New Guideline for Obesity Treatment Suggests Addressing the Root Causes

August 4, 2020 Updated: August 5, 2020

As the prevalence of obesity continues to grow in Canada, a new guideline suggests some fundamental changes in how physicians should treat the condition, including addressing the root causes behind it.

“Obesity care should be based on evidence-based principles of chronic disease management, must validate patients’ lived experiences, move beyond simplistic approaches of ‘eat less, move more,’ and address the root drivers of obesity,” says the guideline, published in the Canadian Medical Association Journal in partnership with Obesity Canada.

“This guideline update reflects substantial advances in the epidemiology, determinants, pathophysiology, assessment, prevention and treatment of obesity, and shifts the focus of obesity management toward improving patient-centred health outcomes, rather than weight loss alone.”

According to the update, the prevalence of obesity has increased threefold since 1985 and has become a major public health issue, affecting an estimated 1.9 million Canadian adults in 2016.

The new guideline is the result of two and half years’ research effort and includes input from 60 authors. It is the first major update since 2006.

“We’re no longer going to be focusing on speaking about calories when we talk about decreasing weight,” Dr. Sean Wharton, co-lead author of the guideline and adjunct professor at McMaster University, told CTV News. “We’re going to be more focused on healthy eating, something we call medical nutrition therapy.”

In the 2006 version, BMI and waist circumference are the two major measures to test adults for obesity, whereas the new guideline suggests options such as cognitive behavioural therapy (CBT), weight loss medication, and bariatric surgery, according to each patient’s condition.

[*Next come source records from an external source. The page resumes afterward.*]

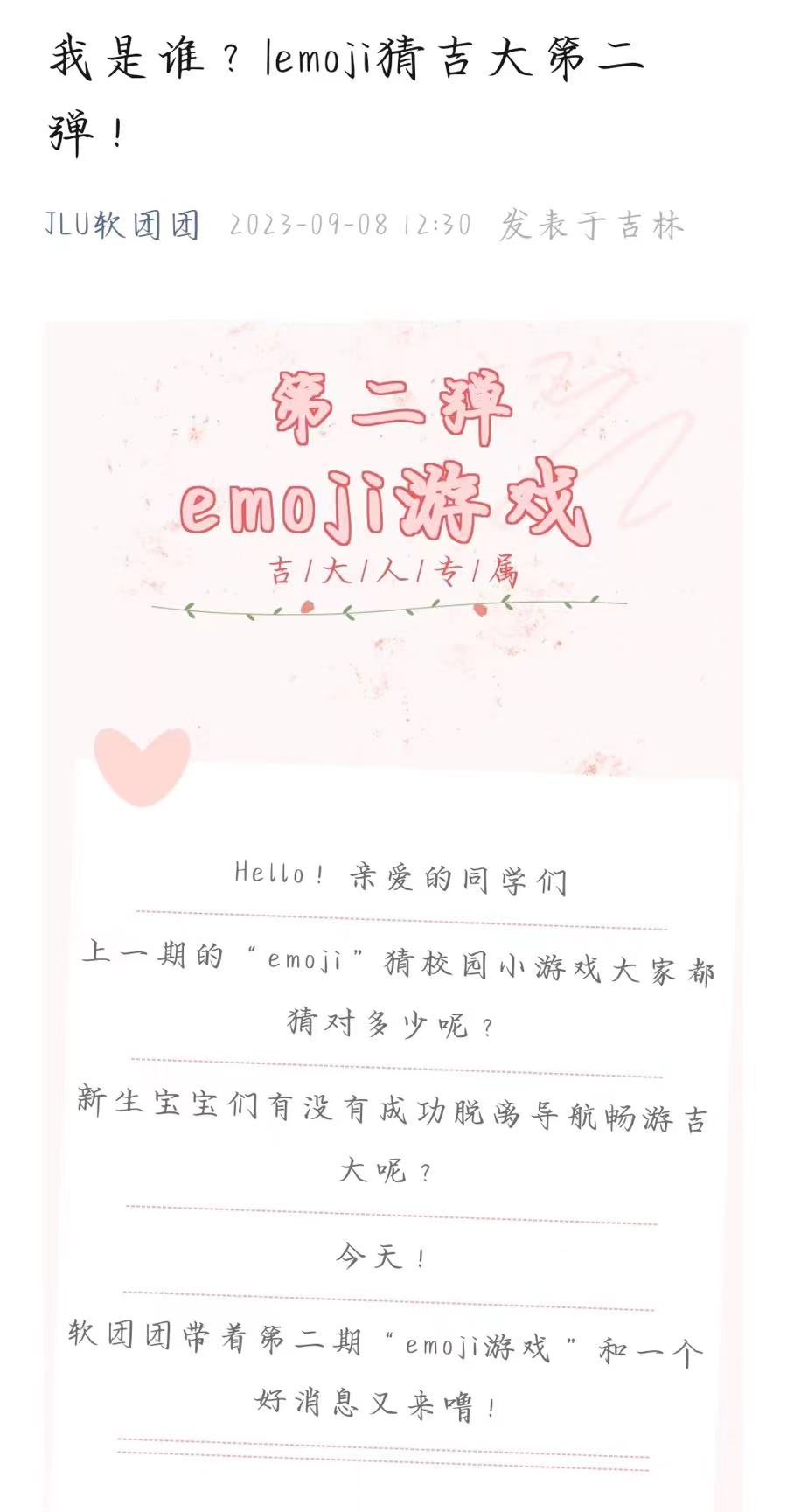 活动的亮点之一是每个Emoji都代表着吉大的一部分,包括校园建筑、传统活动、著名景点和特色食物。新生只有初步了解了校园内的建筑和特色,才能猜出每个emoij背后的谜底,而猜谜的过程也加深了新生们对校园的熟悉程度。这也恰恰印证了这一系列推送活动的目的是通过趣味性和互动性,帮助新生更深入地了解吉大,认识新朋友,以及融入校园文化。
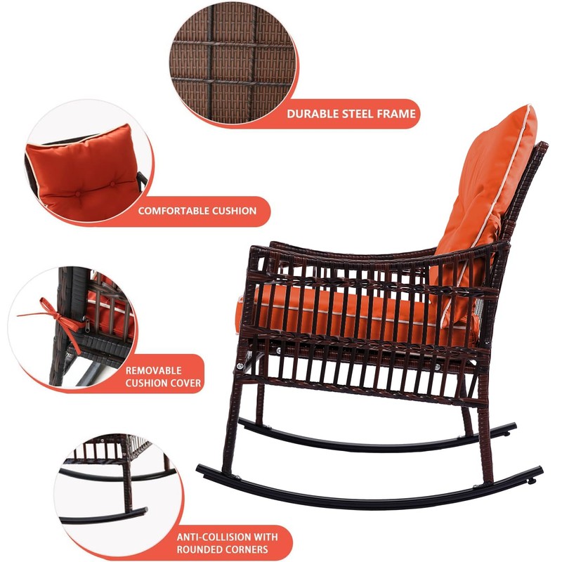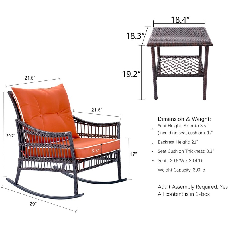 - ENJOY & RELAX: This rattan rocking chair sets including 2 x rocking chairs with seat cushions, 1 x side table with glass. Enjoy your leisure time in this wicker rocking chair. You can rock the chair slowly and gently, which is sure to bring you a fantastic feeling.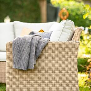 "Transforme o seu espaco ao ar livre em um verdadeiro refugio de relaxamento e convivencia com o Conjunto de Moveis para Jardim Medena da Naterial. Composto por um sofa, uma mesa e uma banqueta, este conjunto de 5 pecas e ideal para acomodar ate 7 pessoas confortavelmente, tornando-o perfeito para jantares ao ar livre, festas no jardim ou simplesmente para relaxar ao ar livre.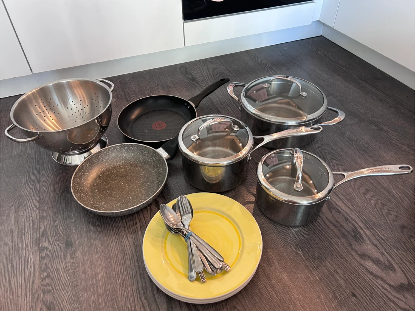 Selling a collection of kitchen essentials! Includes KitchenAid pots and pans with lids, a colander, a frying pan, silverware and a yellow plate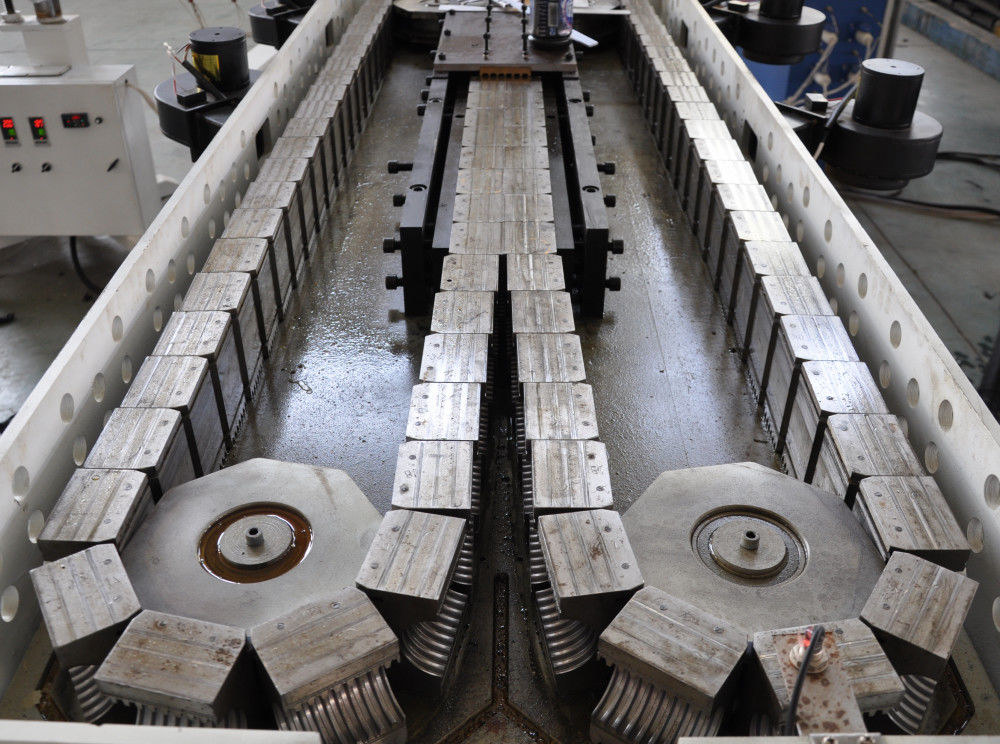এই সিগন্যাল প্রাচীর rugেউখেলান পাইপ এক্সট্রুশন লাইনে মূলত এক্সট্রুডার, rugেউতোলা তৈরির মেশিন, ডাই হেড এবং মোল্ড ব্লক, শীতল সরঞ্জাম, গণনা মেশিন এবং উইন্ডিং মেশিন রয়েছে।এটি অবিচ্ছিন্নভাবে বহু ধরণের ব্যাস একক প্রাচীর rugেউতোলা পাইপ উত্পাদন করতে পারে।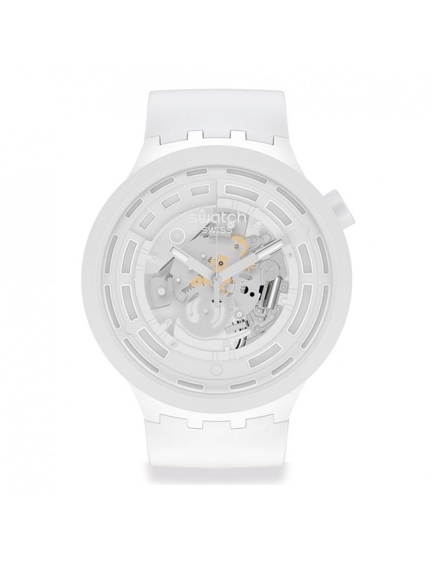 Reloj Swatch Bioceramic C-White SB03W100 (XL), analógico con segundero. Caja Bioceramic de 47mm de diámetro. Cierre de aluminio. Pulsera de color blanco de orígen biológico.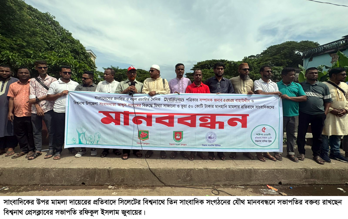 সাংবাদিকের বিরুদ্ধে মামলা দায়ের প্রতিবাদেবিশ্বনাথে তিন সংগঠনের যৌথ মানববন্ধন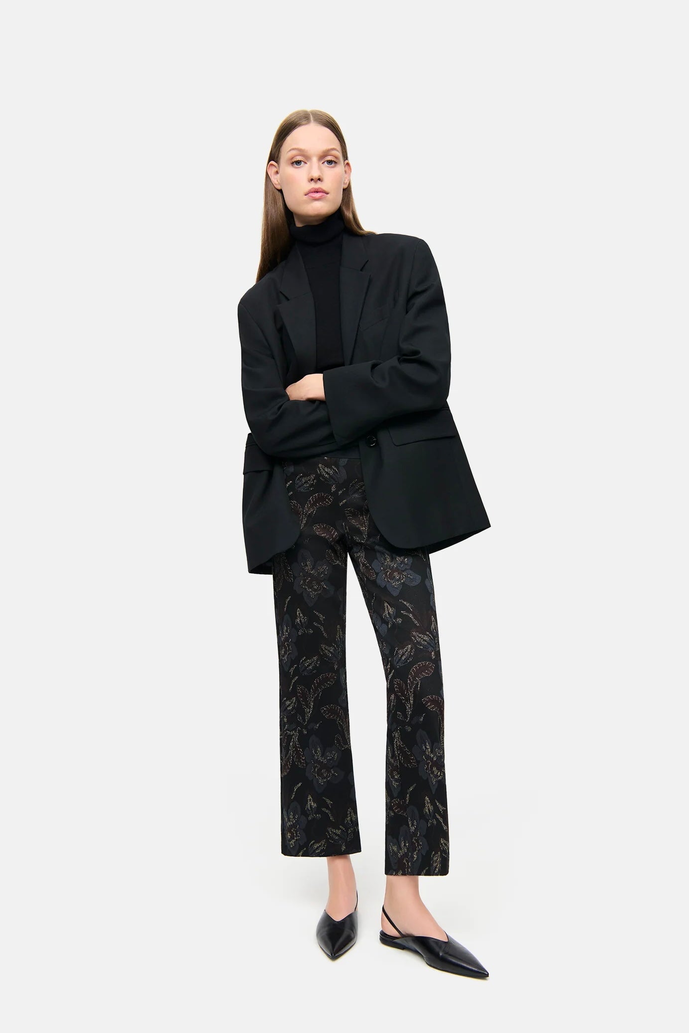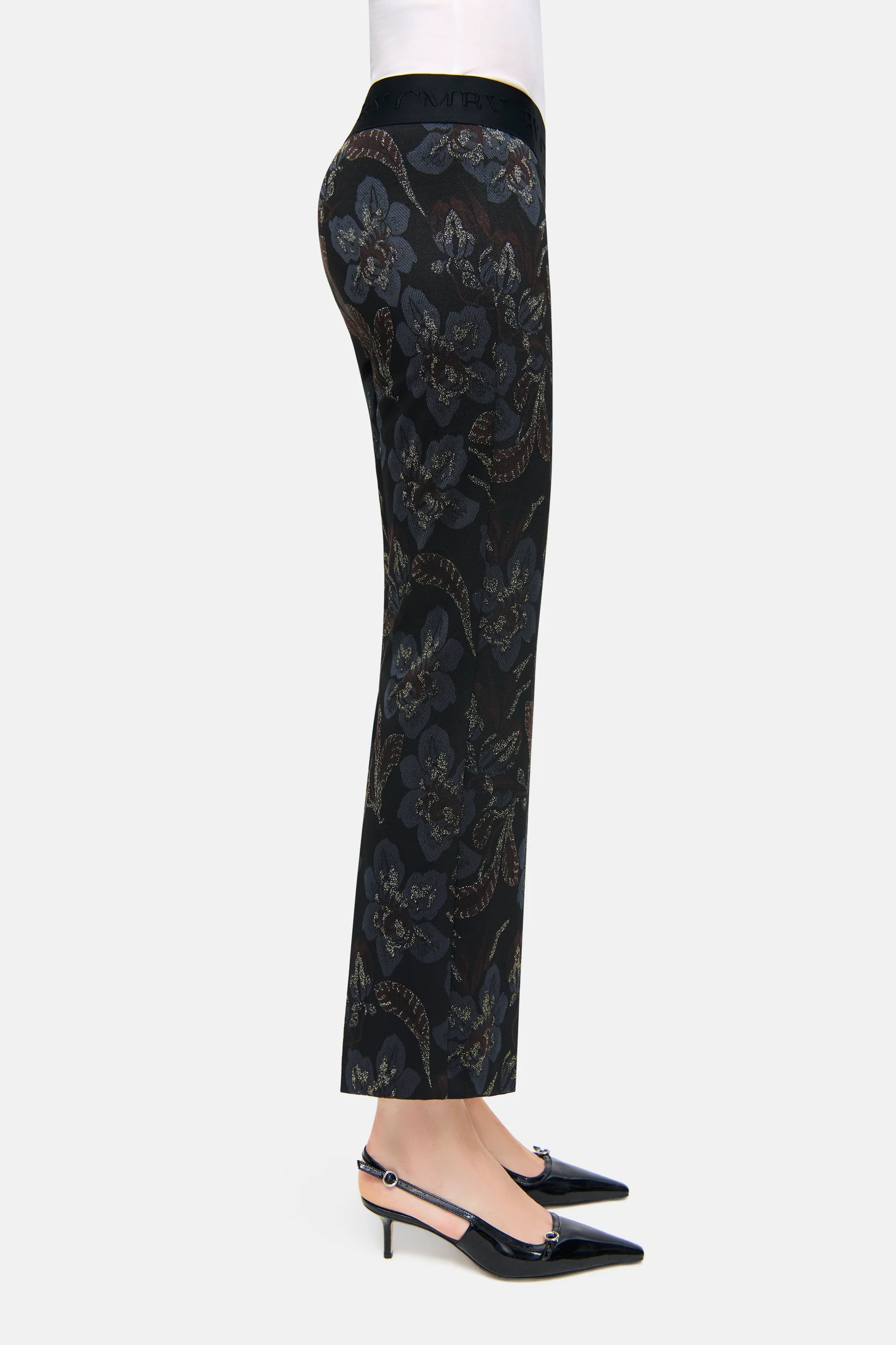 Flared trousers in a cropped length. These black trousers impress with their feminine flared silhouette and a special fabric: Flower Lurex Jersey Jacquard with an elegant floral pattern in muted shades of blue and brown, stylishly complemented by delicate gold accents. The comfortable waistband and elastane content ensure a pleasant fit and optimal freedom of movement – perfect for relaxed looks with a touch of elegance.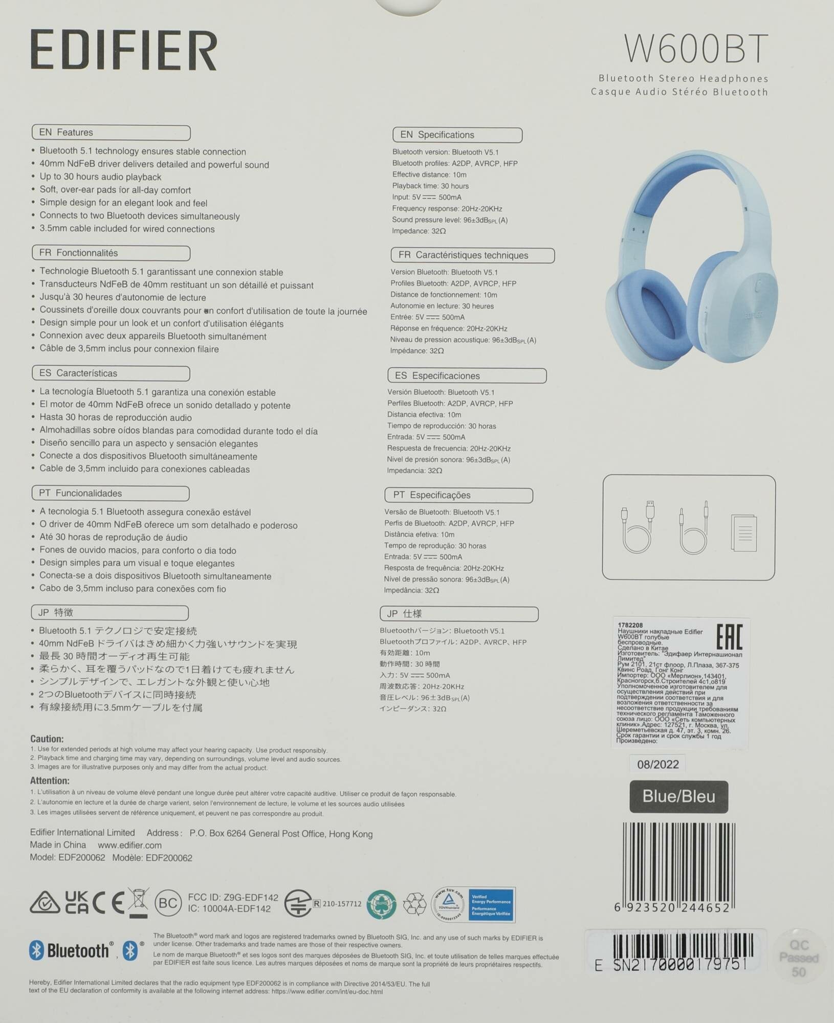 Наушники Edifier W600BT, 3.5 мм/Bluetooth, накладные, синий интересное: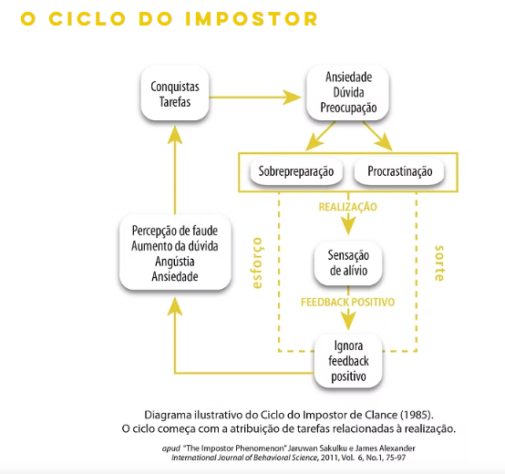 Ocasionada por diversos fatores como perfeccionismo, pressão do ambiente, baixa autoestima e tendência de autossabotagem, a síndrome do impostor é aquela impressão de insegurança e falta de autoconfiança quanto às próprias capacidades. A consciência pode ficar tão nebulosa que todas as conquistas e competências anteriores podem parecer fruto de mera sorte ou de esforços alheios, tornando o medo de falhar assustador. E assim se entra no chamado “Ciclo do impostor”, caracterizado pelas seguintes fases: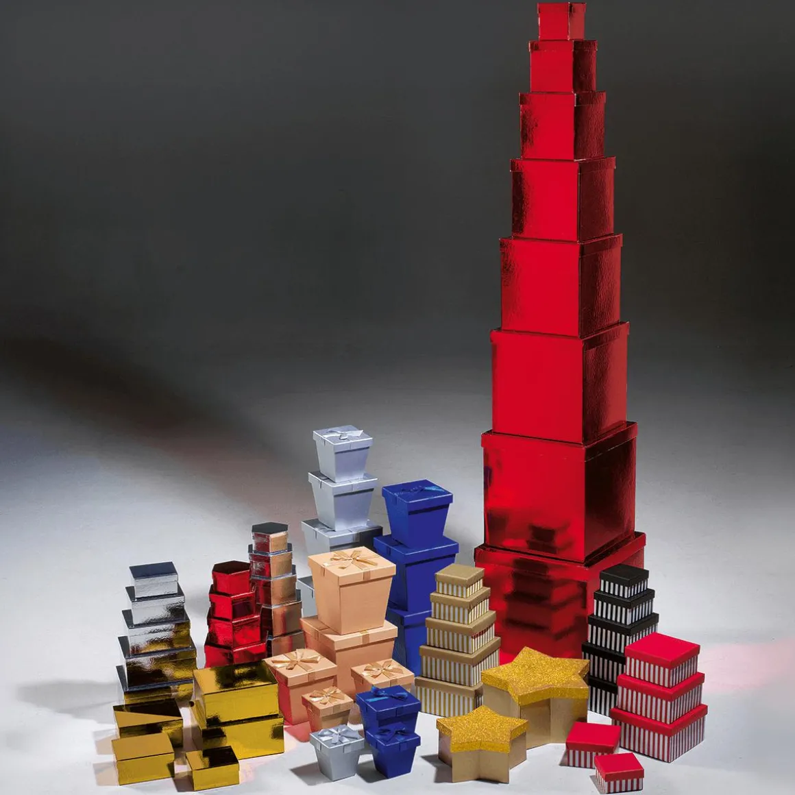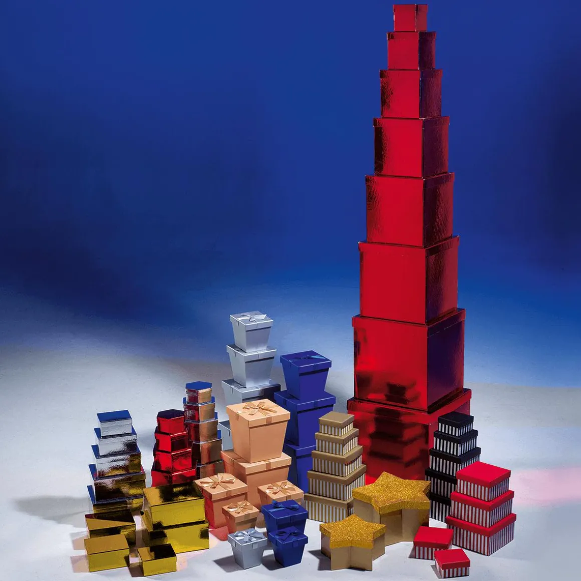 Die rechteckigen Geschenkboxen sind zeitlos schön, wiederverwendbar und unterschiedlich Groß, zwischen 16 x 12 x 6 und 19 x 22 x 10 (B x L x H). Die Geschenk-Kartons mit Deckel passen ideal zum Thema Weihnachten, Jubiläum, Hochzeit, Muttertag, Ostern, Kindertag oder Geburtstag. Die Aufbewahrungs-Boxen bestehen aus einem stabilen, beschichteten Karton und haben einen praktischen Deckel. Ideal für Geschenke, die sich nur schwer einpacken lassen, zerbrechlich sind oder aufgrund ihrer Exklusivität eine besondere Geschenkverpackung benötigen. Die Kartons sind ineinander stapelbar und somit sehr platzsparend.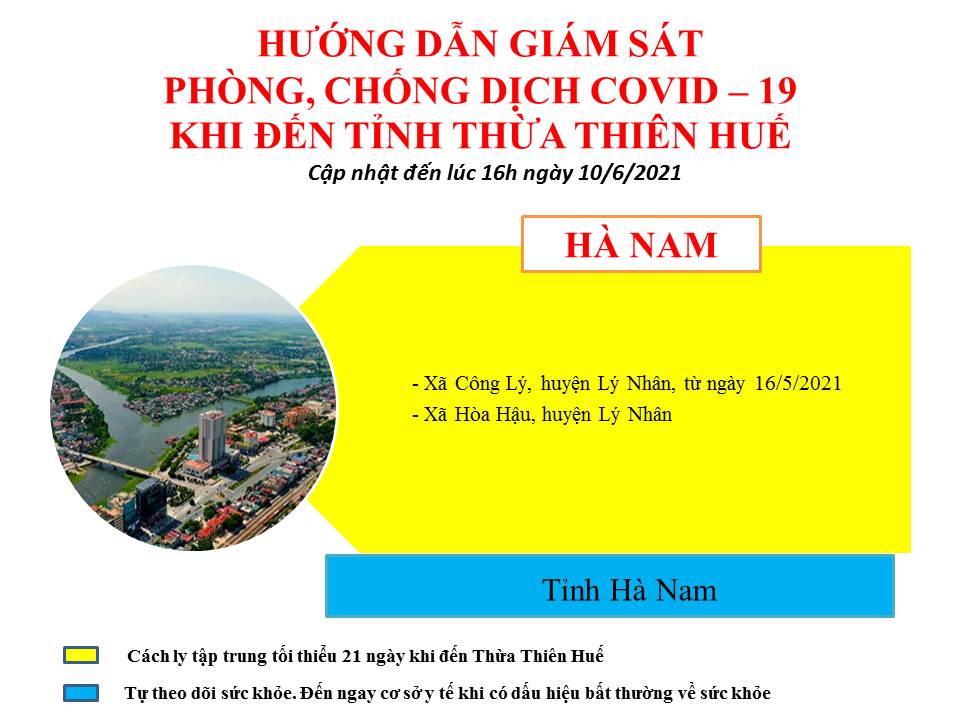Hướng dẫn giám sát phòng, chống dịch covid - 19 khi đến tỉnh Thừa Thiên Huế (ngày 10/6/2021).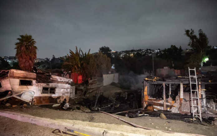 TIJUANA, NOVIEMBRE 7, 2025.- Una casa ubicada en el Cañón del Padre, a un costado de la Vía Rápida Alamar y el bulevar Gato Bronco, quedó completamente consumida por el fuego, junto con una traila contigua, durante la noche de este jueves.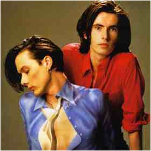 Imagen del cantante principal de Suede que muestra la ambigüedad de su identidad de género por la forma de vestirse, el corte de pelo, y su pose

Wharton describes these as the “three pillars” that help attain long-term weight loss, while increasing exercise and reducing calories are less effective and may not be sustainable. 

“We know that willpower and motivation will allow for a dietary plan that lasts for a short period of time and then our body compensates and regains the weight,” he said. “Any time we look at lowering calories, we always activate a very strong biological compensatory mechanism, which is why we are doing our best to deemphasize diet.”

The guideline lists the following five recommendations to guide health-care providers in the treatment of obesity: 

  1. Recognition of obesity as a chronic disease by health care providers, who should ask the patient permission to offer advice and help treat this disease in an unbiased manner.
  2. Assessment of an individual living with obesity, using appropriate measurements, and identifying the root causes, complications and barriers to obesity treatment.
  3. Discussion of the core treatment options (medical nutrition therapy and physical activity) and adjunctive therapies that may be required, including psychological, pharmacologic and surgical interventions.
  4. Agreement with the person living with obesity regarding goals of therapy, focusing mainly on the value that the person derives from health-based interventions.
  5. Engagement by health care providers with the person with obesity in continued follow-up and reassessments, and encouragement of advocacy to improve care for this chronic disease.

“Obesity is caused by the complex interplay of multiple genetic, metabolic, behavioural and environmental factors, with the latter thought to be the proximate cause of the substantial rise in the prevalence of obesity,” the guideline states.